** What is required **
What is needed is an exact copy of the records below, minus any pictures.

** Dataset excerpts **
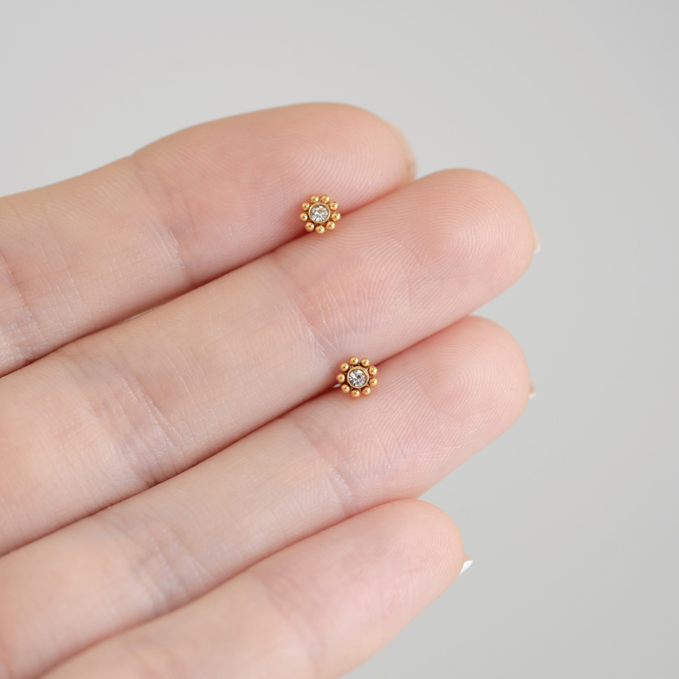 De la même manière, chaque modèle est doté d'une pierre transparente sur la partie supérieure ainsi que d'un filetage interne. Ceci est très appréciable, car un filetage interne n'éraflera ou n'endommagera pas l'intérieur de ton trou de piercing au moment de son insertion, à la différence d'un filetage externe.
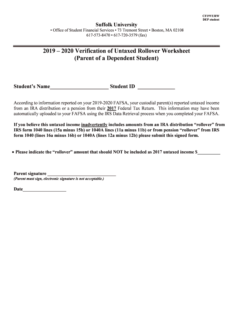 Suffolk UniversityCF19VURW DEP student Office of Student Financial Services 73 Tremont Street Boston, MA 02108 6175738470 6177203579 (fax)2019 2020 Verification of Untamed Rollover Worksheet (Parent
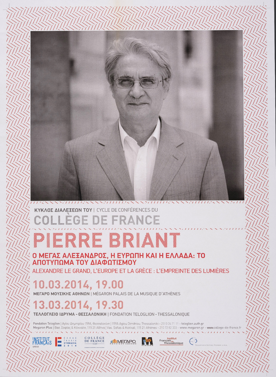 Αφίσα διάλεξης του ιστορικού Pierre Briant στο πλαίσιο του Κύκλου Διαλέξεων του Collège de France στο Τελλόγλειο Ίδρυμα στη Θεσσαλονίκη.
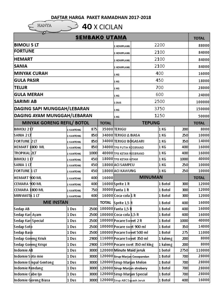 Contoh Daftar Paket Sembako Lebaran
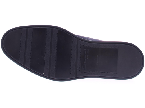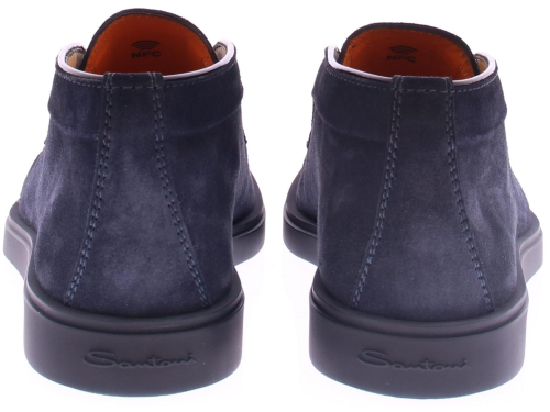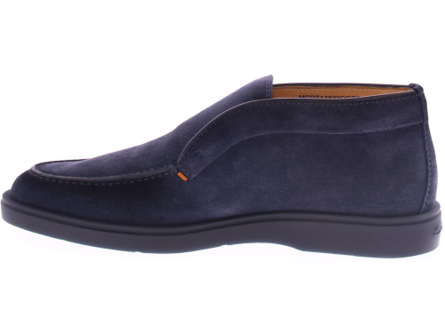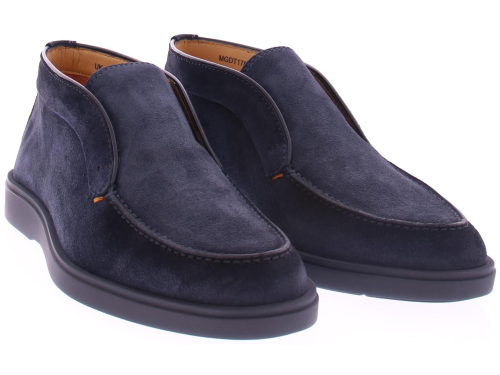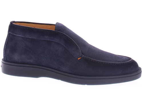 Donkerblauwe suède heren enkelboot van Santoni. Kenmerkend zijn de comfortabele ronde neus met zichtbare stiksels, ondersteund door een gladde, flexibele rubberen zool in dezelfde tint voor een moderne uitstraling.

** Answer below **
 De la même manière, chaque modèle est doté d'une pierre transparente sur la partie supérieure ainsi que d'un filetage interne. Ceci est très appréciable, car un filetage interne n'éraflera ou n'endommagera pas l'intérieur de ton trou de piercing au moment de son insertion, à la différence d'un filetage externe.
 Suffolk UniversityCF19VURW DEP student Office of Student Financial Services 73 Tremont Street Boston, MA 02108 6175738470 6177203579 (fax)2019 2020 Verification of Untamed Rollover Worksheet (Parent
 Αφίσα διάλεξης του ιστορικού Pierre Briant στο πλαίσιο του Κύκλου Διαλέξεων του Collège de France στο Τελλόγλειο Ίδρυμα στη Θεσσαλονίκη.
 Contoh Daftar Paket Sembako Lebaran
 Donkerblauwe suède heren enkelboot van Santoni. Kenmerkend zijn de comfortabele ronde neus met zichtbare stiksels, ondersteund door een gladde, flexibele rubberen zool in dezelfde tint voor een moderne uitstraling.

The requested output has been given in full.